Potential Applications

This technology could be applied in network security systems to detect and prevent cyber attacks, in network monitoring tools to identify performance issues, and in network optimization solutions to improve overall network efficiency.

Problems Solved

This technology helps in identifying anomalies in network traffic, enhancing network security, improving network performance, and optimizing network operations.

Benefits

The benefits of this technology include enhanced network security, improved network performance, proactive anomaly detection, and efficient network operations.

Potential Commercial Applications

The potential commercial applications of this technology include network security software, network monitoring tools, network optimization solutions, and cybersecurity services.

Possible Prior Art

One possible prior art could be the use of machine learning models for anomaly detection in network traffic, but the specific approach of using contextual embeddings from tokens extracted from network traffic features may be novel.

Unanswered Questions

How does this technique handle encrypted network traffic?

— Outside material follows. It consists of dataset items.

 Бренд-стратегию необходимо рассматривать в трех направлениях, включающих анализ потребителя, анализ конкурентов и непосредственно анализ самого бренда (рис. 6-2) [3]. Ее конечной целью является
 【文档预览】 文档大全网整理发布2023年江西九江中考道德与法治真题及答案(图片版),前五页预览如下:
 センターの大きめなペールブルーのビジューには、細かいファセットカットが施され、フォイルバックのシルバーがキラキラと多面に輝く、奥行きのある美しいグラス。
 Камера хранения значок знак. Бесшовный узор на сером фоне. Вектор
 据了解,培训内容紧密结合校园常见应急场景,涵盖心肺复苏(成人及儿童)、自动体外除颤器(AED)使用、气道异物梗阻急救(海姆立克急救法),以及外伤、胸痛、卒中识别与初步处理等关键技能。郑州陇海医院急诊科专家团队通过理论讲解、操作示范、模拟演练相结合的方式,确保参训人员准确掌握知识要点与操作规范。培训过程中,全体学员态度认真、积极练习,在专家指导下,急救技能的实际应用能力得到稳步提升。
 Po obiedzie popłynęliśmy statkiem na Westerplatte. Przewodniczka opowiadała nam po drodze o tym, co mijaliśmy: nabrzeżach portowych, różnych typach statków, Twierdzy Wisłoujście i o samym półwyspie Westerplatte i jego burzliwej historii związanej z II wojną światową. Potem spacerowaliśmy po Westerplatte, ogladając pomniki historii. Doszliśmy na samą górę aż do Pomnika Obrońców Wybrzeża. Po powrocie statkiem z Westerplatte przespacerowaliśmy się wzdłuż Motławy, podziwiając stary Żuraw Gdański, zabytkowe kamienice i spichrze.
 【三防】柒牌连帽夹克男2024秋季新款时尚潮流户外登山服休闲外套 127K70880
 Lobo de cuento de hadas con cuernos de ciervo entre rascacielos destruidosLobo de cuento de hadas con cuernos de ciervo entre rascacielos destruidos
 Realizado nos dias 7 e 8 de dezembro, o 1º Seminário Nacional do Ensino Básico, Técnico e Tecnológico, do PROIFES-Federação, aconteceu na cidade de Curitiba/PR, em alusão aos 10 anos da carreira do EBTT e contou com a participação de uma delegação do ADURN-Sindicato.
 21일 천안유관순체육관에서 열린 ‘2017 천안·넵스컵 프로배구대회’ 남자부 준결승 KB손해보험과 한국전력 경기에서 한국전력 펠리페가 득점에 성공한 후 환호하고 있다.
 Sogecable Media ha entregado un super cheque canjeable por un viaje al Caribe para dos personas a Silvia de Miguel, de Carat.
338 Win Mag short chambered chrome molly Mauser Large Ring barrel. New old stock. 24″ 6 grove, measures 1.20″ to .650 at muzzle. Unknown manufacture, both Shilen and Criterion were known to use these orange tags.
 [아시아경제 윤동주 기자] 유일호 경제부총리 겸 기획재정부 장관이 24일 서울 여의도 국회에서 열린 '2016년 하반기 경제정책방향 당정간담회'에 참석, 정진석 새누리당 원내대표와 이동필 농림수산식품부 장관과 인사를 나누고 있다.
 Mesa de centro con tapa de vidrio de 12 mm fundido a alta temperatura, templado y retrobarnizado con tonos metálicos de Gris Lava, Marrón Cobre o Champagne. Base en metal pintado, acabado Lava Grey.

The abstract does not mention how the technique deals with encrypted network traffic and whether it can still extract features and detect anomalies in such data.

What is the computational overhead of implementing this technique in a real-world network environment?

The abstract does not provide information on the computational resources required to implement this technique in a production network environment and whether it could impact network performance.


Original Abstract Submitted

Embodiments related to using a foundational model for network packet traces. A technique includes receiving network traffic of a network and extracting features from the network traffic, the features having a function related to communications in the network. The technique includes generating tokens from the features, each of the features corresponding to a respective one of the tokens, training a machine learning model by inputting the tokens, the machine learning model being trained to output contextual embeddings for the tokens, and using the contextual embeddings to determine an anomaly in the network traffic.